Антон вернулся к калитке, позвал Наташу, и они быстро прошмыгнули к нему в комнату.
— Я не буду включать свет, — сказал он.
— Не надо, — игриво ответила Наташа. — Я знаю, как выглядит этот клоповник. Лучше не видеть. А где тут можно сесть? Посади меня, Антон, а то я упаду. — Она обхватила его шею руками и зашептала: — Вот видишь, я уже падаю.
— Вот сюда, — прошептал Антон, — здесь кровать.
— О кровать, мечта моя, кровать, — пропела Наташа. — Ты знаешь, я хочу тебя, но борюсь с собой и буду бороться до последнего. Ты понял, до последнего.
— Борись, борись, — усаживая её, ответил Антон.
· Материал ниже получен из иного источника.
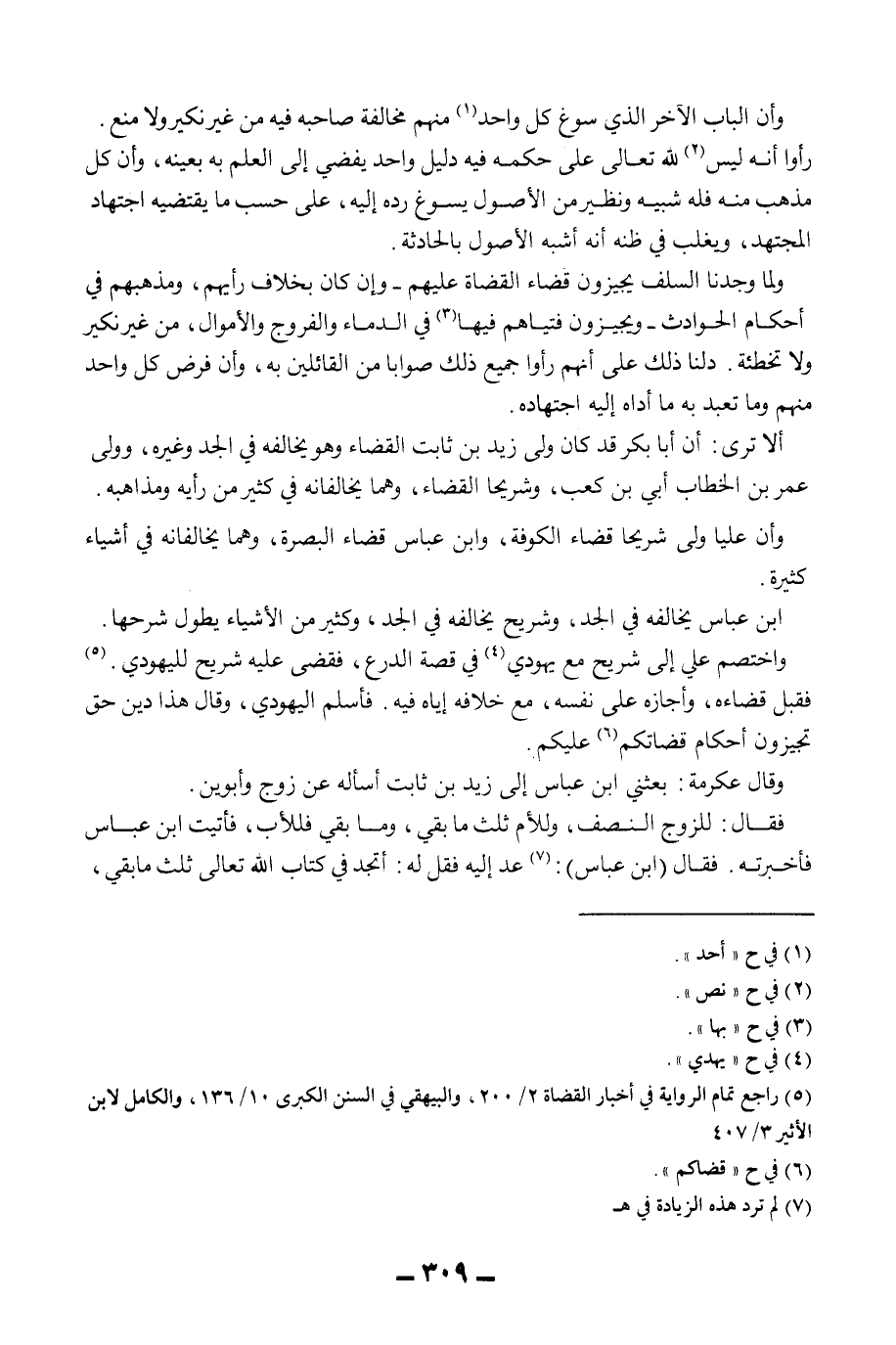 وَأَنَّ الْبَابَ الْآخَرَ الَّذِي سَوَّغَ كُلُّ وَاحِدٍ مِنْهُمْ مُخَالَفَةَ صَاحِبِهِ فِيهِ مِنْ غَيْرِ نَكِيرٍ وَلَا مَنْعٍ. رَأَوْا أَنَّهُ لَيْسَ لِلَّهِ تَعَالَى عَلَى حُكْمِهِ فِيهِ دَلِيلٌ وَاحِدٌ يُفْضِي إلَى الْعِلْمِ بِهِ بِعَيْنِهِ، وَأَنَّ كُلَّ مَذْهَبٍ مِنْهُ فَلَهُ شَبِيهٌ وَنَظِيرٌ مِنْ الْأُصُولِ يُسَوَّغُ رَدُّهُ إلَيْهِ، عَلَى حَسَبِ مَا يَقْتَضِيهِ اجْتِهَادُ الْمُجْتَهِدِ، وَيَغْلِبُ فِي ظَنِّهِ أَنَّهُ أَشْبَهُ الْأُصُولِ بِالْحَادِثَةِ. وَلَمَّا وَجَدْنَا السَّلَفَ يُجِيزُونَ قَضَاءَ الْقُضَاةِ عَلَيْهِمْ - وَإِنْ كَانَ بِخِلَافِ رَأْيِهِمْ، وَمَذْهَبِهِمْ فِي أَحْكَامِ الْحَوَادِثِ - وَيُجِيزُونَ فُتْيَاهُمْ فِيهَا فِي الدِّمَاءِ وَالْفُرُوجِ وَالْأَمْوَالِ، مِنْ غَيْرِ نَكِيرٍ وَلَا تَخْطِئَةٍ. دَلَّنَا ذَلِكَ عَلَى أَنَّهُمْ رَأَوْا جَمِيعَ ذَلِكَ صَوَابًا مِنْ الْقَائِلِينَ بِهِ، وَأَنَّ فَرْضَ كُلِّ وَاحِدٍ مِنْهُمْ وَمَا تَعَبَّدَ بِهِ مَا أَدَّاهُ إلَيْهِ اجْتِهَادُهُ. أَلَا تَرَى: أَنَّ أَبَا بَكْرٍ قَدْ كَانَ وَلَّى زَيْدَ بْنَ ثَابِتٍ الْقَضَاءَ وَهُوَ يُخَالِفُهُ فِي الْجَدِّ وَغَيْرِهِ، وَوَلَّى عُمَرُ بْنُ الْخَطَّابِ أُبَيَّ بْنَ كَعْبٍ، وَشُرَيْحًا الْقَضَاءَ، وَهُمَا يُخَالِفَانِهِ فِي كَثِيرٍ مِنْ رَأْيِهِ وَمَذَاهِبِهِ. وَأَنَّ عَلِيًّا وَلَّى شُرَيْحًا قَضَاءَ الْكُوفَةِ، وَابْنَ عَبَّاسٍ قَضَاءَ الْبَصْرَةِ، وَهُمَا يُخَالِفَانِهِ فِي أَشْيَاءَ كَثِيرَةٍ. ابْنُ عَبَّاسٍ يُخَالِفُهُ فِي الْجَدِّ، وَشُرَيْحٌ يُخَالِفُهُ فِي الْجَدِّ، وَكَثِيرٌ مِنْ الْأَشْيَاءِ يَطُولُ شَرْحُهَا. وَاخْتَصَمَ عَلِيٌّ إلَى شُرَيْحٍ مَعَ يَهُودِيٍّ فِي قِصَّةِ الدِّرْعِ، فَقَضَى عَلَيْهِ شُرَيْحٌ لِلْيَهُودِيِّ. فَقَبِلَ قَضَاءَهُ، وَأَجَازَهُ عَلَى نَفْسِهِ، مَعَ خِلَافِهِ إيَّاهُ فِيهِ. فَأَسْلَمَ الْيَهُودِيُّ، وَقَالَ هَذَا دِينٌ حَقٌّ تُجِيزُونَ أَحْكَامَ قُضَاتِكُمْ عَلَيْكُمْ. وَقَالَ عِكْرِمَةُ: بَعَثَنِي ابْنُ عَبَّاسٍ إلَى زَيْدِ بْنِ ثَابِتٍ أَسْأَلُهُ عَنْ زَوْجٍ وَأَبَوَيْنِ. فَقَالَ: لِلزَّوْجِ النِّصْفُ، وَلِلْأُمِّ ثُلُثُ مَا بَقِيَ، وَمَا بَقِيَ فَلِلْأَبِ، فَأَتَيْت ابْنَ عَبَّاسٍ فَأَخْبَرْته. فَقَالَ (ابْنُ عَبَّاسٍ) : عُدْ إلَيْهِ فَقُلْ لَهُ: أَتَجِدُ فِي كِتَابِ اللَّهِ تَعَالَى ثُلُثَ مَا بَقِيَ،

Наташа отцепила руки и затихла, а Антон повалился спиной на кровать и через некоторое время пробормотал:
— Я полежу немного, отдохну…
— Что? — удивилась Наташа. — Ты бросил меня на самом краю это поганой больничной койки?
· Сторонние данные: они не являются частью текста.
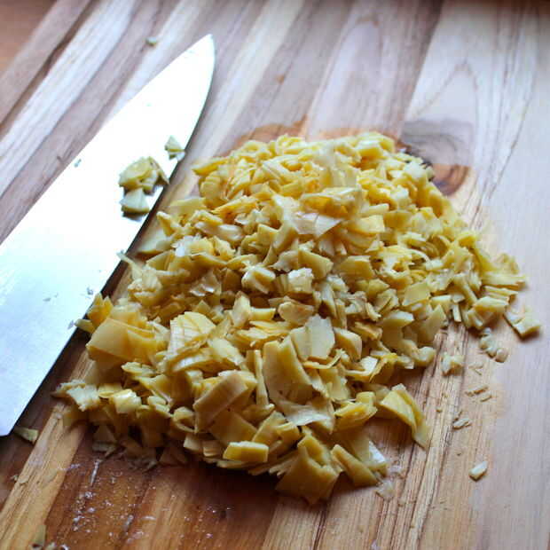 Paso 2: cortar los corazones de alcachofa y escurrir la espinaca

— Больничной? — рассеянно проговорил Антон. — Почему больничной? — Он закрыл глаза и почувствовал, как уносится куда-то в чернильную темень, из глубины которой, словно из трубы, до него едва-едва доносился голос Наташи:
— Предатель! Наркоман! Затащил меня в свою халупу и бросил одну в темноте.
Он почувствовал, как кто-то толкает его в бок, пристраивается рядом. Затем на грудь ему легла чья-то голова, и он машинально принялся гладить эту голову. Неожиданно в неопределенном далеке, в беспросветной темени, он увидел белую точку, которая быстро увеличивалась в размерах. Вскоре Антон сумел разглядеть в этой точке женскую фигуру. Затем она приобрела знакомые очертания, а ещё через некоторое время он увидел, что это Лена. Она летела к нему навстречу сквозь черный бездонный космос, широко раскинув в разные стороны руки и ноги, и медленно кружилась, словно крылья мельницы. Антон едва успел схватить её за руку, и, остановив друг друга, они ещё долго кружились, пока Антон не привлек Лену к себе. Он обнял её, и Лена, как когда-то, прильнула щекой к его груди.
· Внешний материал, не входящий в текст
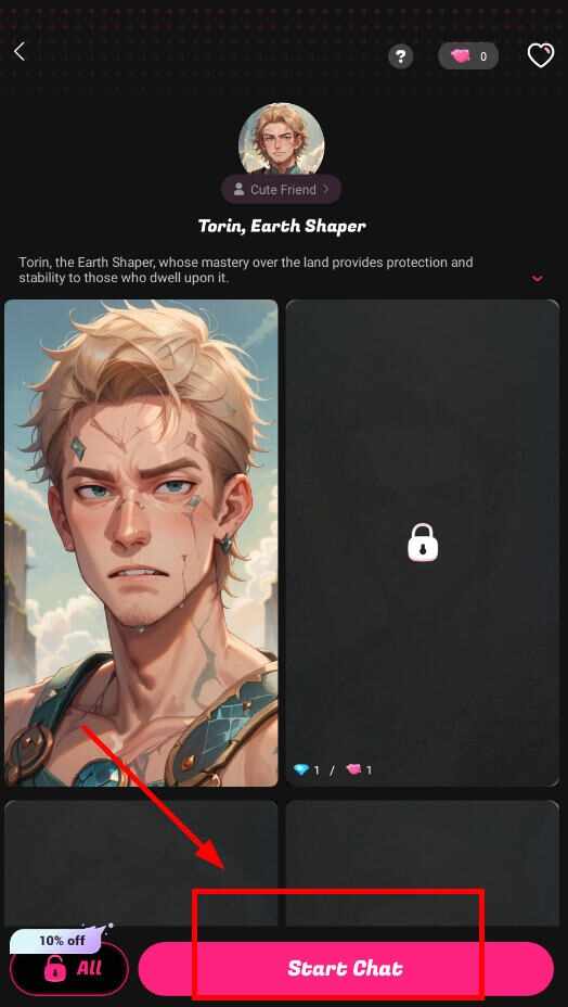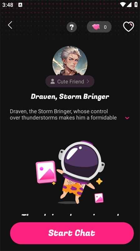 5、点击喜欢的角色,在详情页点击开(kai)始(shi)聊天;

— Ты спишь? — спросила она.
— Нет, что ты! — встрепенулся он. — Я приехал сюда, чтобы найти тебя.
— Правда? — услышал он. — Повтори это ещё раз.
— Я приехал сюда, чтобы найти тебя, — повторил Антон. — Посмотри, я снова в белом смокинге. Посмотри на меня. Я снова такой, каким был, когда мы с тобой познакомились.
— Ты сильно поседел, — сказала она, — и смокинг твой совсем не белый.
— Да, он немножко грязный, — ответил Антон. — Это я упал. Это ерунда. Главное, я нашел тебя, Леночка.
— Кого ты нашел, Сережа? Я не Леночка. — Наташа приподняла голову и провела ладонью по лицу Антона. — Сережа, ты спишь?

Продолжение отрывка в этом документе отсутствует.